新幹線が西は福岡へ、東は仙台や盛岡、さらに札幌まで延びたり、本州と四国の間に橋ができたりすると、それらの都市や地域はそれ以前より栄えるのでしょうか?実は、そうなる場合もならない場合もあるし、そのどちらもが同時に起こることもあります。今日は、交通アクセスの改善と都市や地域の盛衰の関係について、過去50年のデータを用いて考えてみます。
図1は、新聞やテレビニュースなどでよく使われる「地方7区分」と、それぞれの地域の最大都市の位置を示しています。(沖縄と離島は除いています。) カッコ内の数字は日本の全都市の中の2020年時点での人口順位です。図2は、1970年から2020年までの、各地域・各都市が全国に占める人口シェアの推移を、2020年時点の値を100とした相対値で示しています。

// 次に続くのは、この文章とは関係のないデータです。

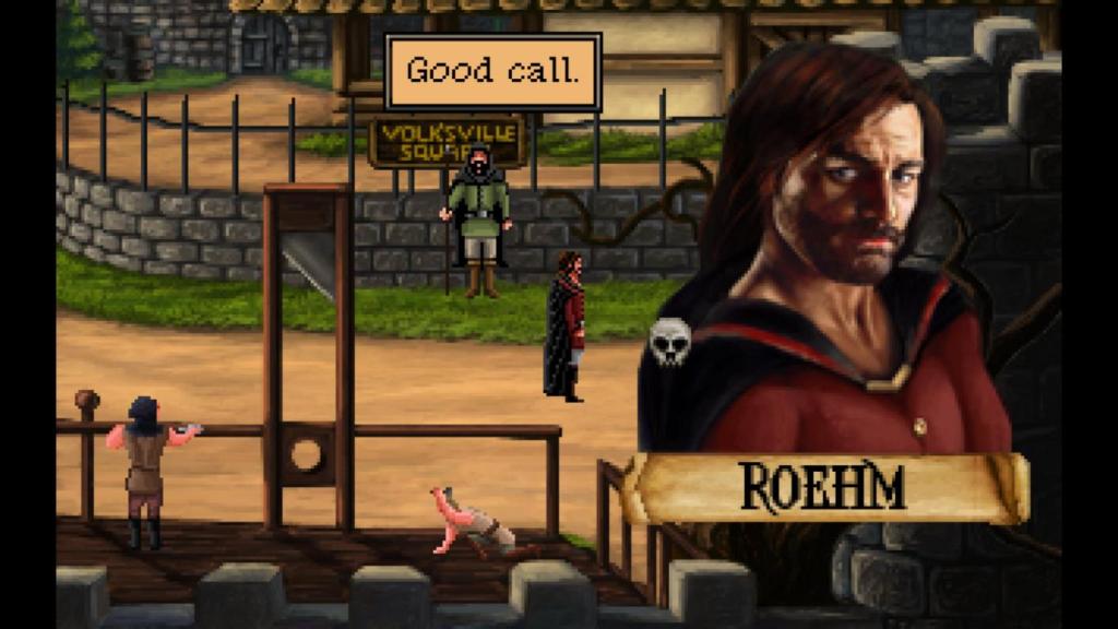„Quest for Infamy“, entwickelt von Infamous Quests und auf Konsolen portiert von Ratalaika Games ist eine absolute Liebeserklärung an die Reihe von Sierra durch und durch. Das fängt schon bei Namen an, wo man „Glory“ einfach durch „Infamy“ getauscht hat, was sowohl zur Identifikation mit der Vorlage, aber auch Anhebung dienen soll, denn wo sich die Quest for Glory-Spiele stellenweise zu ernst nahmen, mischt Infamy das Feld mit selbstreferenziellem Humor und vielen Anspielungen an die Vorlage auf, ohne dabei nur ein Klon zu sein. So entschied man sich für einen Artstyle der nah an der Sierra-VGA-Ära angelehnt ist und erzählt die Geschichte von Roahm, in sich selbst auch ein Wortspiel von denen es viele im Spiel gibt, der im Grunde nichts Gutes vorhat. Entgegen der Vorlage will er keinesfalls ein Held werden und strebt auch nicht nach Ruhm, sondern er ist sich selbst der nächste. So verschlägt es ihn auf der Flucht vor einem Baron mit dessen Tochter er etwas angefangen hatte in die Stadt Volksville, im Königreich Lonaria. Durch eine ungünstige Verkettung von Ereignissen hat Roahm keine andere Wahl, als sich auf die Suche nach einem mächtigen Juwel zu machen. Er wird allerdings nicht ausgewählt, da er besonders heldenhaft ist, sondern weil er einfach keine Skrupel hat und eher als Dreckskerl angesehen wird, dem jedes Mittel recht ist…

図2Aから、7地域のうち、過去50年にわたり人口シェアを伸ばし続けたのは、関東だけであることがわかります。関東は都市としての東京を含みますので、「東京一極集中」のイメージと重なります。しかし、コラムでも述べたように、「一極集中」は、東京に向かってだけでなく、地域それぞれの中心都市に向かっても起こりました。図2Bは、7地域の最大都市の人口シェアの推移を示しています。大阪と広島を除けば、殆どの都市がおおよそ人口シェアを伸ばしてきており、地域内部でも「一極集中」が起こったことがわかります。
図2Bのグラフを眺めると、ところどころでガクッと落ち込んでいることに気づくでしょう。これらの落差の殆どが交通網が大きく変化したタイミングと重なります。何より、大阪の人口シェアは2000年から2005年にかけて9.5%(146万人)も減少しています。このショックがバブル崩壊の影響であるならば、他の都市でも同じ動きになるでしょう。しかし、このタイミングで人口が急激に減少したのは大阪だけです。私は、これが「のぞみショック」だと考えています。東京からのアクセスが、あるしきい値を超えて良くなり、もはや大阪に支店を置く必要がなくなるなど、大阪にあった様々な都市機能が東京に集約されていきました。
そのほかでは、1980年から1985年にかけて、広島・名古屋・仙台で人口シェアが極端に減っています。仙台に関しては、ちょうど東北新幹線が仙台まで到達した時期に重なります。それまで仙台にあった企業の支社が東京に移転したことなどによる人口減少と考えられます。名古屋や広島には直接的な効果は小さかったかも知れませんが、東北新幹線の開通は、東京からのアクセスを、西は福岡から東は仙台までの広範囲で一気に改善しました。例えば、この範囲なら日帰りで東京で会って仕事をすることができるようになるなど、多くの路線の端点である東京は、圧倒的な交通アクセスを持つことになりました。その結果として、名古屋や広島からも企業や人口が東京に吸い取られたと考えられます。この「吸い取る」感じから、大都市への交通アクセスが改善した小都市から、人口が大都市に向かって流出する効果を「ストロー効果」と呼ぶようになりました。東京一極集中の最も大きな要因のひとつは、東京から全方位への交通アクセスが向上したことによるストロー効果であると考えられます。
東京の他では、福岡だけが過去50年間人口シェアを伸ばし続けてきました。なぜ福岡は山陽新幹線開通後に、東京に吸い取られずに成長できたのでしょうか。それは、第一に東京から十分に遠かったことと、第二に、それまで九州の外から隔離されていた人たちが、福岡経由で大阪や東京に簡単にアクセスできるようになったからです。九州の人流・物流が福岡へ集中したことが、福岡の成長の起爆剤となり、福岡のその後の成長を支えました。もちろん福岡空港の貢献も大きいでしょう。
札幌も1980年から1985年に人口シェアを落としていますが、これはこの時期、千歳空港からの空のネットワークが一気に拡大したことによると思われます。また、広島の人口シェアが1990年から1995年にかけて縮小(6.4%)したのは、本四連絡橋開通による効果だと考えられます。この間、逆に岡山はシェアを4.3%伸ばしました。
最後に、地方中心都市の人口シェアが(大阪と広島を除いて)、「新幹線ショック」の後すぐに増加に転じている理由を考えてみましょう。これは、これらの都市が、地域の中では相対的に広域的な交通アクセスが向上したため、地域内から人口や企業の立地が集中したためだと思われます。この地域内での一極集中はストロー効果ではなく、立地の優位性の変化によるものだと考えられます。